DESCRIPTION OF THE TASK: These records contain pictures, which must be left out; copy exactly the lines from the one with "Безрукавка, б/в, на" up to and including the one with "The video captured".

--- MATERIAL PROVIDED Enclosed Below ---

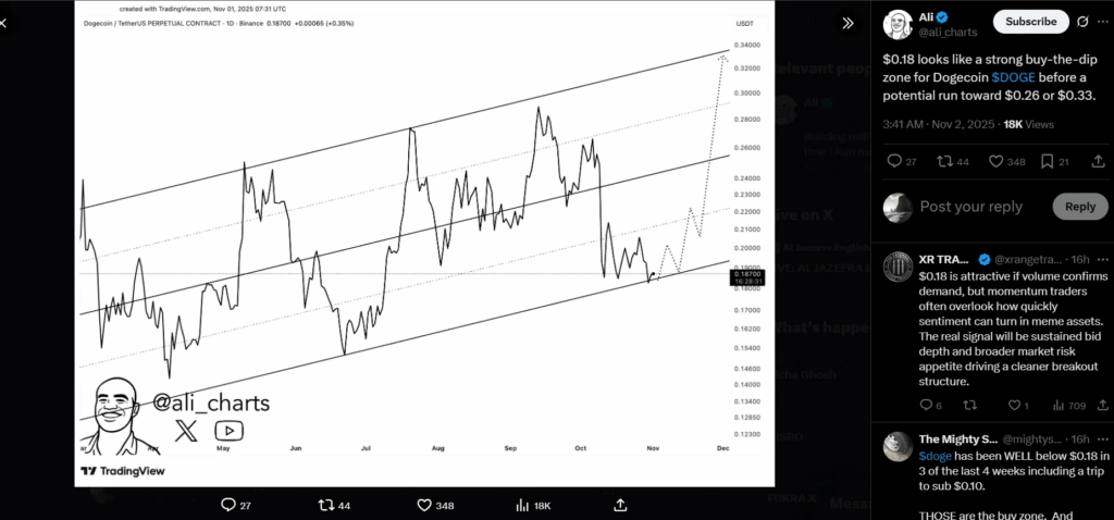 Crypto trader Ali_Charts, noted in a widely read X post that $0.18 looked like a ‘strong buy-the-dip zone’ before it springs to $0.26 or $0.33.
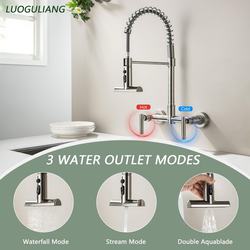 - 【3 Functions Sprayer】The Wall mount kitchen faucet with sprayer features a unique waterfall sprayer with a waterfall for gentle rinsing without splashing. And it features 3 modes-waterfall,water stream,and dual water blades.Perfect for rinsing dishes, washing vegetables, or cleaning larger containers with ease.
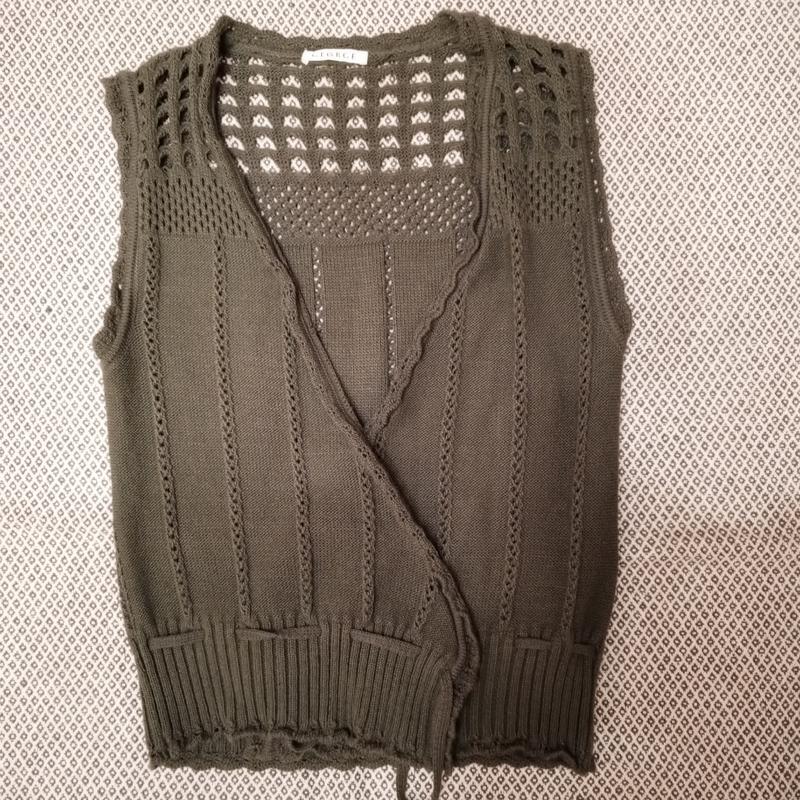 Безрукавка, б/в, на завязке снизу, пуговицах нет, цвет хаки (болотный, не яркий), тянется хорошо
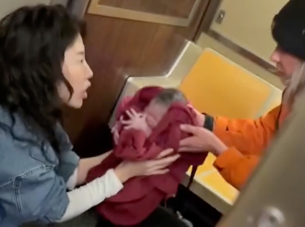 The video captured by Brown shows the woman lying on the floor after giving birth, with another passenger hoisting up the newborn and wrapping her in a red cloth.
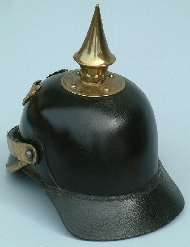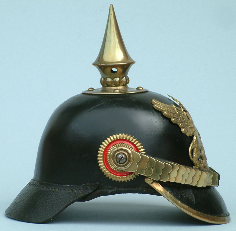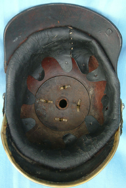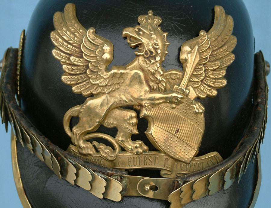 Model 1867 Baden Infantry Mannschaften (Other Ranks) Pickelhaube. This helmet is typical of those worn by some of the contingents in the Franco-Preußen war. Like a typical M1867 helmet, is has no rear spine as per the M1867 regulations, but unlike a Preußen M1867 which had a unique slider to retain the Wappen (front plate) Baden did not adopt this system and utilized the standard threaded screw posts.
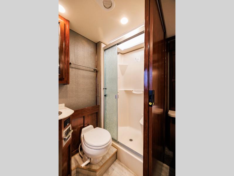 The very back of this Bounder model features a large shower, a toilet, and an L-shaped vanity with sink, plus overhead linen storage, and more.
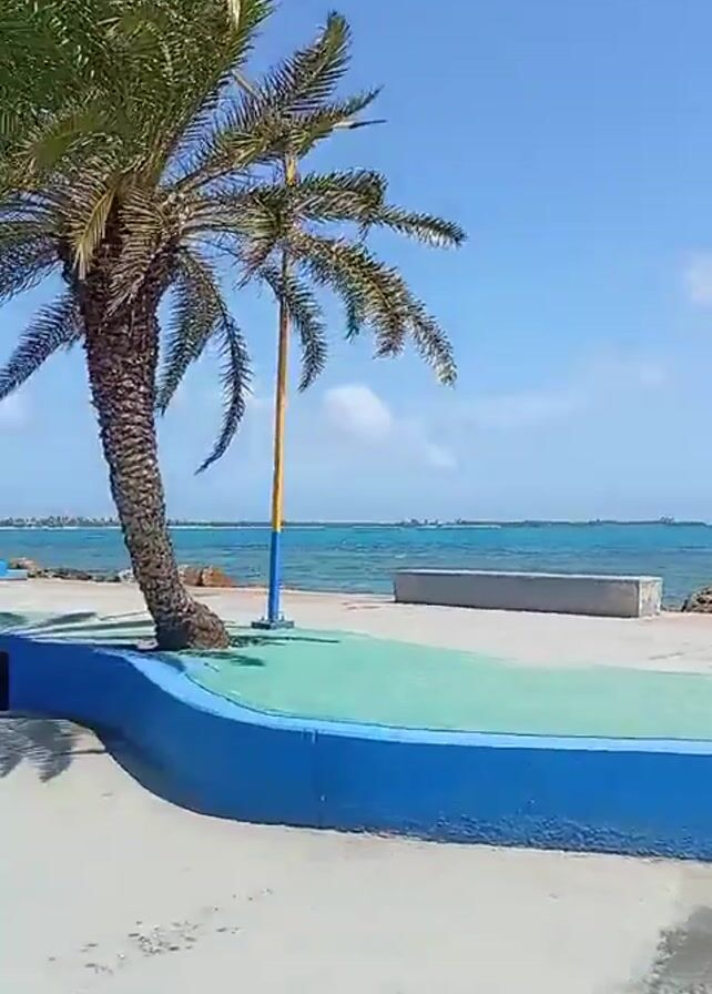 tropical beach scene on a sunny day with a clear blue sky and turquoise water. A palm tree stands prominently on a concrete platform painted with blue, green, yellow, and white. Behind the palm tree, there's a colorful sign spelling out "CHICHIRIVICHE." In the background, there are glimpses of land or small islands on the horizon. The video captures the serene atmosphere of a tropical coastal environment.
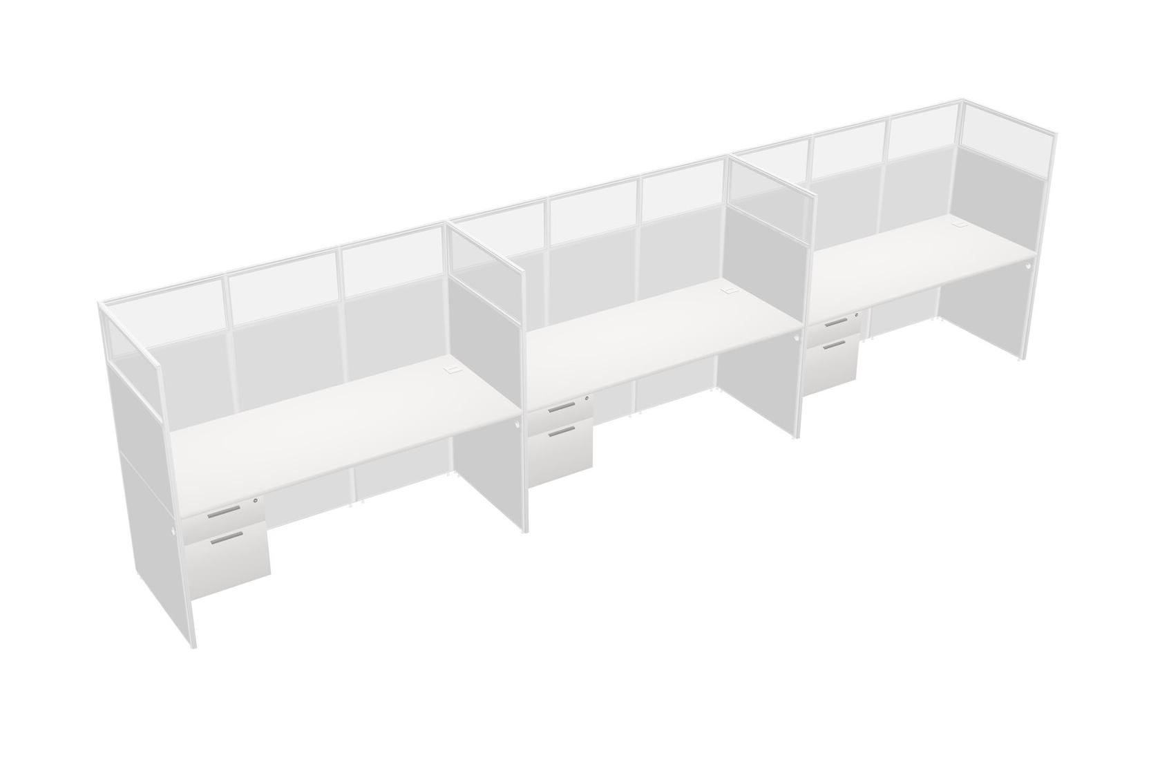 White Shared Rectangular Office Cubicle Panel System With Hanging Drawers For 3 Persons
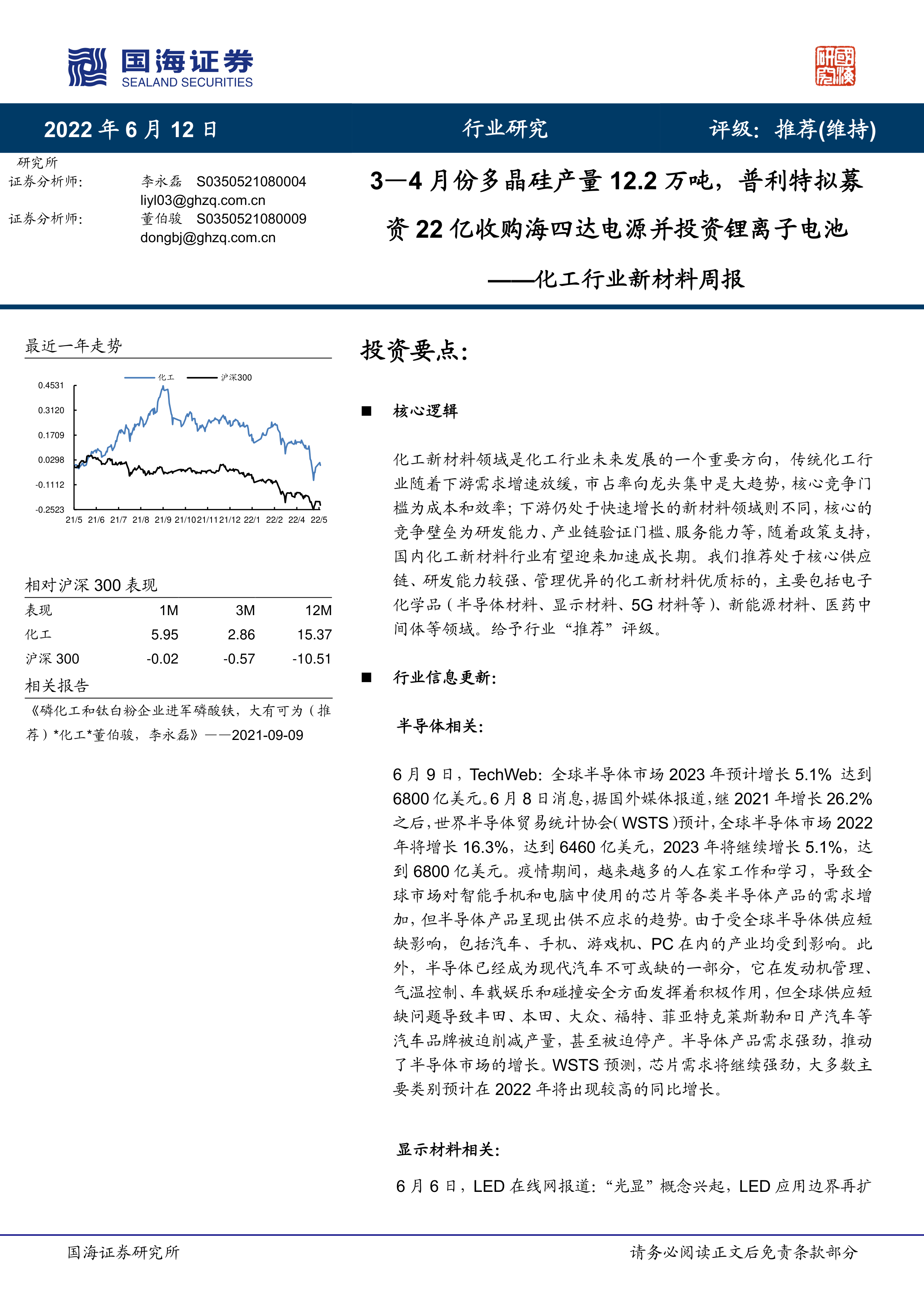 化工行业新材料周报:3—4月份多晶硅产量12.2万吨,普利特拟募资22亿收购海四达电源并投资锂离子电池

--- End of Enclosed MATERIAL PROVIDED ---

RESULT OF THIS TASK:
 Безрукавка, б/в, на завязке снизу, пуговицах нет, цвет хаки (болотный, не яркий), тянется хорошо
 The video captured by Brown shows the woman lying on the floor after giving birth, with another passenger hoisting up the newborn and wrapping her in a red cloth.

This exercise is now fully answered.